====== Input for this task ======
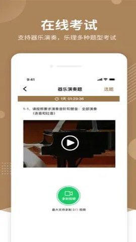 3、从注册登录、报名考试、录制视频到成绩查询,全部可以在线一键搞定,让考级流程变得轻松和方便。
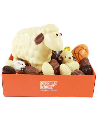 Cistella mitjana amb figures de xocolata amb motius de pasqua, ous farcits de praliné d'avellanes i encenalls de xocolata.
======
====== Input for this task ======
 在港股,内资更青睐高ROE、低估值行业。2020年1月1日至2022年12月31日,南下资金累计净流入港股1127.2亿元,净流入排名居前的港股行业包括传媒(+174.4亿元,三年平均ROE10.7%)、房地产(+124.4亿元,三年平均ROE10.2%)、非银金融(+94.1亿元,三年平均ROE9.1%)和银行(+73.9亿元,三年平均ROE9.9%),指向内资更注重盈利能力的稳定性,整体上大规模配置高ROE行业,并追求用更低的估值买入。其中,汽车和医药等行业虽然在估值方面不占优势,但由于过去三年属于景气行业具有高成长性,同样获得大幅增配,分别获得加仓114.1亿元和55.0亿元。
======
Exercise: Copy only this from above: the line containing "3、从注册登录、报名考试、录", the line containing "Cistella mitjana amb", and all lines between, printed exactly. Leave out the pictures.

Result of this exercise:
 3、从注册登录、报名考试、录制视频到成绩查询,全部可以在线一键搞定,让考级流程变得轻松和方便。
 Cistella mitjana amb figures de xocolata amb motius de pasqua, ous farcits de praliné d'avellanes i encenalls de xocolata.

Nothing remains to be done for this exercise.